2kg ball in simple harmonic motion

[clh7871]

a 2-kg ball is supended from a spring. when disturbed in a vertical direction, the ball moves up and down in simple harmonic motion with a period of 0.25s.

a. what is the upward force exerted on the ball by the spring when the ball is at the midpoint of its up-and-down path?

b. how much did the spring stretch when the ball was first attached to its end (before the oscillatory motion that started)?

 

[HallsofIvy]

I presume you have, or know how to find (depending upon what level this course is), that x(t)= C cos(&radic(k)t) where x(t) is the height at time t, C is the amplitude and k is the spring constant. The period of such motion is given by √(k)T= 2π which, here, is 0.25 so √(k)= 2π/0.25= 8π and k= 64π².
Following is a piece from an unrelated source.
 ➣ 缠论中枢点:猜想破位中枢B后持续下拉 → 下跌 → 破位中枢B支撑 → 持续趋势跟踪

a. what is the upward force exerted on the ball by the spring when the ball is at the midpoint of its up-and-down path?
That's easy- there is NO total force on the ball at the midpoint so the upward force exerted on the ball by the spring is exactly the downward force exerted by gravity on the ball- its weight.

b. how much did the spring stretch when the ball was first attached to its end (before the oscillatory motion that started)?
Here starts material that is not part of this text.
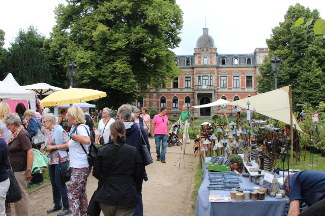 (2) Kunsthandwerkermarkt Etelser Schlossgartenfest mit Blick auf das Etelser Schloss.
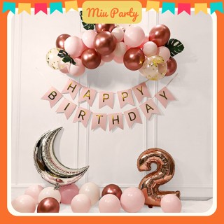 Set Bong Bóng Trang Trí Sinh Nhật Có Lá Phong Cách Hàn Quốc Tông Màu Hồng Gold - MiuParty

You know the weight of the ball and you know the spring constant, k, so use Hooke's law to determine the amount of stretch

 

[wais]

a. At the midpoint of its path, the ball is at equilibrium and therefore the net force acting on it is zero. This means that the upward force exerted by the spring must be equal in magnitude to the downward force of gravity on the ball. Using Newton's second law, we can calculate this force as F = ma, where m is the mass of the ball and a is the acceleration due to gravity (9.8 m/s^2). Plugging in the values, we get F = (2 kg)(9.8 m/s^2) = 19.6 N.
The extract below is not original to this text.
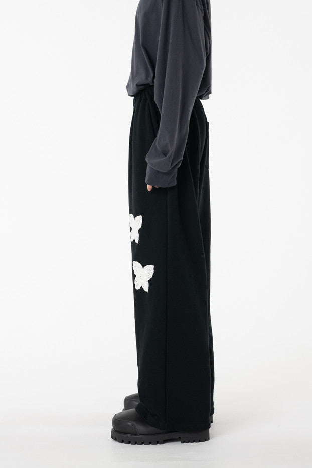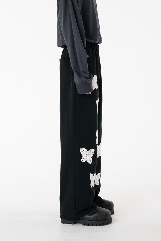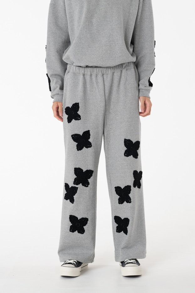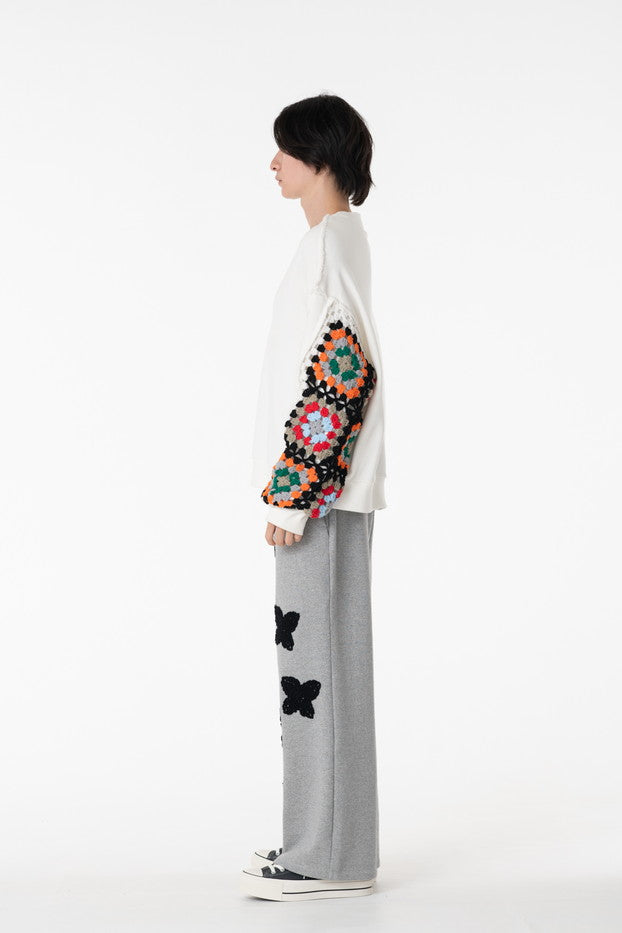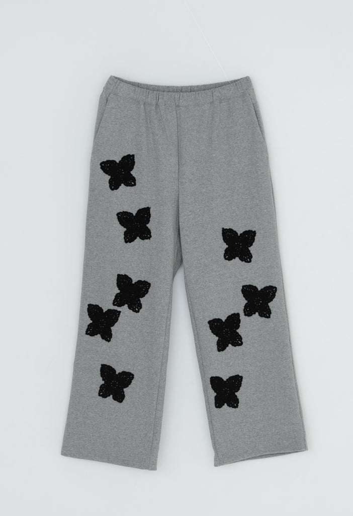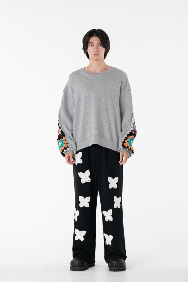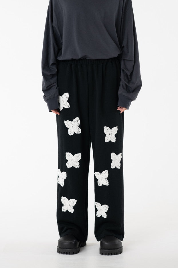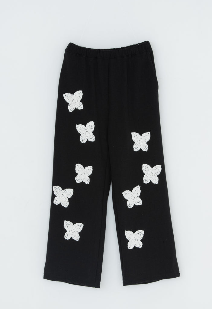 適度な保温性と⾼い吸⽔性がある しっかりとした 20/10裏⽑を使⽤したスウェットパンツ。適度なゆとりのあるシルエットと手編みで作成された蝶々モチーフのクロシェットがポイントとなったアイテム。

b. When the ball was first attached to the spring, it caused the spring to stretch due to the weight of the ball pulling down on it. The amount of stretch can be calculated using Hooke's Law, which states that the force exerted by a spring is directly proportional to the distance it is stretched or compressed. In this case, we can use the formula F = kx, where k is the spring constant and x is the distance the spring is stretched. Rearranging the formula, we get x = F/k. Plugging in the values, we get x = (19.6 N)/(k). The amount of stretch will depend on the specific spring constant of the spring used, but for a typical spring with a constant of 10 N/m, the stretch would be x = (19.6 N)/(10 N/m) = 1.96 m.